The strategic deployment of biorefineries in the United States demands a nuanced approach, due to the complexity of balancing environmental, social, and economic constraints [1]. Particularly, communities already burdened by elevated air pollution [2], such as high concentrations of particulate matter (PM2.5), ozone (O₃), and nitrogen dioxide (N O₂) - coupled with socioeconomic vulnerabilities, face disproportionate adverse impacts from industrial siting decisions. Addressing these concerns requires strategic and informed decisions to minimize environmental burdens and safeguard vulnerable populations.

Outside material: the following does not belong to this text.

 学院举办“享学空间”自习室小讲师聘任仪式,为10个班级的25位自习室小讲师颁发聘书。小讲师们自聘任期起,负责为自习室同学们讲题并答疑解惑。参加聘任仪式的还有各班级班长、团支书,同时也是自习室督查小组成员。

This study introduces a comprehensive, machine learning-driven geospatial analytical framework designed to identify optimal locations for biorefinery deployment across U.S. counties. Utilizing robust environmental and socioeconomic datasets, the analysis focused on adherence to U.S. Environmental Protection Agency (EPA) - defined thresholds critical for air quality, specifically PM2.5 (< 9 µg/m³), O₃ (< 70 ppb), and NO₂ (< 7.47 ppb). Socioeconomic vulnerability indicators, including low-income percentages, unemployment rates, and disability prevalence, were also integrated based on EPA-defined percentiles.

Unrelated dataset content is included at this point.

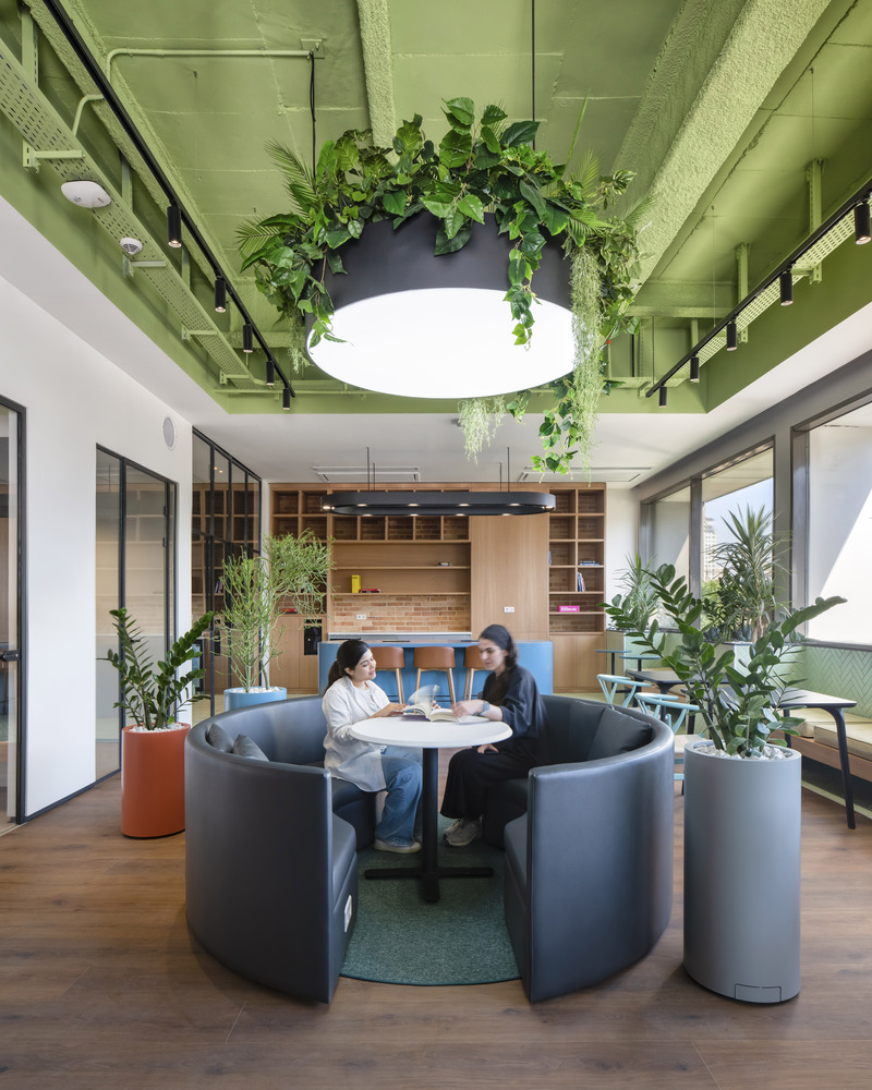 در حالی که برنامهریزی اولیه تعداد مشخصی از ایستگاههای کاری را دیکته میکرد، انعطافپذیری موقعیتهای کاری ترکیبی کارمندان، فرصتی را فراهم کرد تا بیشتر فضای اداری به فضاهای اجتماعی طراحیشده برای شبیهسازی به یک کافیشاپ و فضاهای عمومی اختصاص یابد که انواع مختلفی از صندلیها و موقعیتهای کاری جایگزین را ارائه میدهند. استفاده از چوب بلوط طبیعی و کاشیهای سرامیکی دستساز با رنگهای پر جنب و جوش و فضای سبز، فضایی راحت برای معاشرت و کار ایجاد میکند.

A meticulously cleaned and normalized dataset comprising 239,781 data points representing nationwide U.S. counties was used to train and validate a Random Forest classification model within Wolfram Mathematica software. Each location was labeled using binary indicators (1 - suitable, 0 - non-suitable) derived from rigorous threshold-based logic. The resulting models exhibited exceptional predictive performance, achieving test accuracies of 0.9 and strong R-squared scores (>0.91), indicating high reliability, robustness, and generalizability. Model validation was further reinforced through cross-validation, significantly mitigating the risks of overfitting and ensuring stable performance across diverse subsets of the data.
Advanced geospatial visualization techniques using GeoGraphics and GeoPosition were employed to map identified locations, distinguishing between suitable (green hotspots) and non-suitable (red hotspots) counties. These intuitive visual outputs provide actionable decision-support tools, effectively guiding stakeholders and policymakers toward sustainable and equitable biorefinery siting decisions. Future work should explore replacing fixed threshold-based binarization with more flexible, data-driven approaches such as probabilistic or fuzzy classification to better capture the nuanced gradients of environmental and socioeconomic risk across regions.

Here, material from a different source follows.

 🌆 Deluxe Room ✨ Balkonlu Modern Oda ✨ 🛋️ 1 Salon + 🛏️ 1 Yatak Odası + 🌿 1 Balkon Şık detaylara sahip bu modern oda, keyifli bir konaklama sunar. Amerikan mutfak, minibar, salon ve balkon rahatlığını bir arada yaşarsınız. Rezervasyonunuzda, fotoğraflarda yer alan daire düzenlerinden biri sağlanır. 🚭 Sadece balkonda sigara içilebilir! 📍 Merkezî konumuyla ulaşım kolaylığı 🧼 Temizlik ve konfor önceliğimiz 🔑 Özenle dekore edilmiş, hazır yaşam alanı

The developed framework effectively integrates environmental and public health considerations, thereby supporting the advancement of sustainable chemical engineering practices while proactively addressing environmental justice concerns.
References
[1] Prioux Nancy, Ouaret Rachid, Belaud Jean-Pierre. Machine Learning Based Framework for Biorefinery Environmental Assessment. Chemical Engineering Transactions 2022;96:517–22. https://doi.org/10.3303/CET2296087.
[2] Nunez Y, Benavides J, Shearston JA, Krieger EM, Daouda M, Henneman LRF, et al. An environmental justice analysis of air pollution emissions in the United States from 1970 to 2010. Nat Commun 2024;15:268. https://doi.org/10.1038/s41467-023-43492-9.